People regularly cite Australia's economic strength and our egalitarianism as reasons why emotion-driven, fact-free and angry populism will not flourish here as it is flourishing in other Western democracies.
But research recently published by a University of Melbourne academic, Roberto Stefan Foa, and his former Harvard colleague Yascha Mounk, shows that our democratic consensus is fragile too.
The pair has been researching the attitudes of people in so-called "consolidated" democracies, to the conventions and institutions that comprise those democracies.
They have found a disturbing trend – over time, in all the liberal democracies including Australia, open-ness to the idea of military rule has grown, the number of people who think a democratic system is "bad" has grown, support for the concept of civil rights is less, and fewer people express an interest in politics. This trend is especially pronounced in young people, so-called Millennials.
In these conditions, populist politicians gain traction by appealing to emotion and bypassing fact altogether.

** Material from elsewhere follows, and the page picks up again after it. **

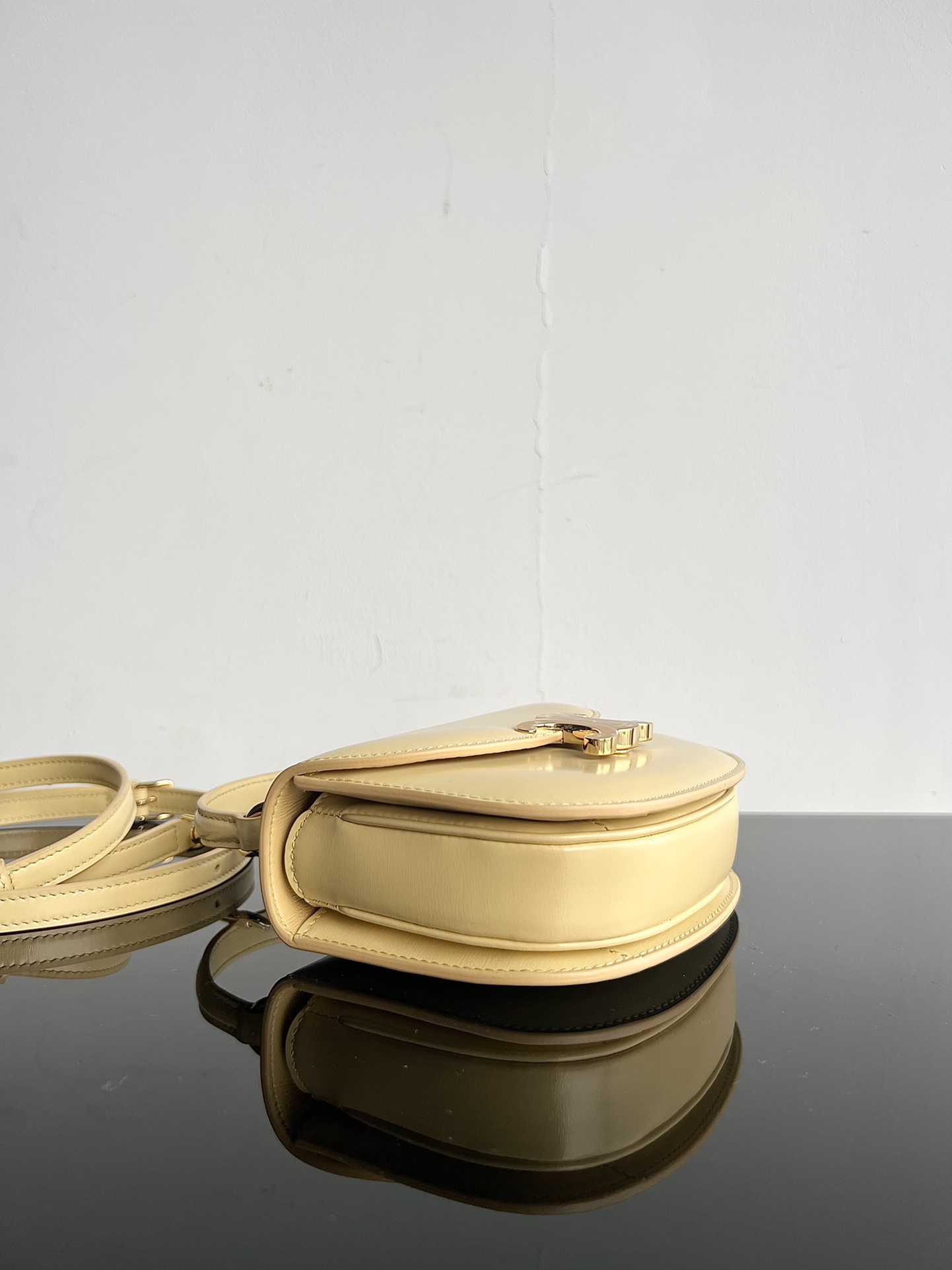 CELINE BESACE TRIOMPHE Mini Shiny Calfskin Bag, Triomphe Handheld Saddle, Dimensions: 15.5 X 11.5 X 5 cm, ❌ This model cannot fit a phone, can be worn cross-body, handheld, or on the shoulder, TRIOMPHE metal snap closure, 1 main compartment, inner flat pocket, adjustable and detachable leather strap [Original leather + full steel hardware] Market highest grade product, comes with full set of packaging as shown in the picture

These politicians outrage the "elites", precisely because they don't adhere to the values of liberal democracy, which roll all the way back to the Enlightenment. They are playing "our" game but they won't accept the rules we wrote. They don't value rationalism over emotion. They don't abide by the norms so many of us thought (or hoped) were settled, and in this sense they are radical.
And when you have a Prime Minister who refuses facts as squarely as Turnbull did this week, despite being educated, intelligent and on record as knowing those facts better than most people, we are edging towards the land of the radical, where policy-making is as fantastical as a go-nowhere boat trip over a bleached-out coral reef.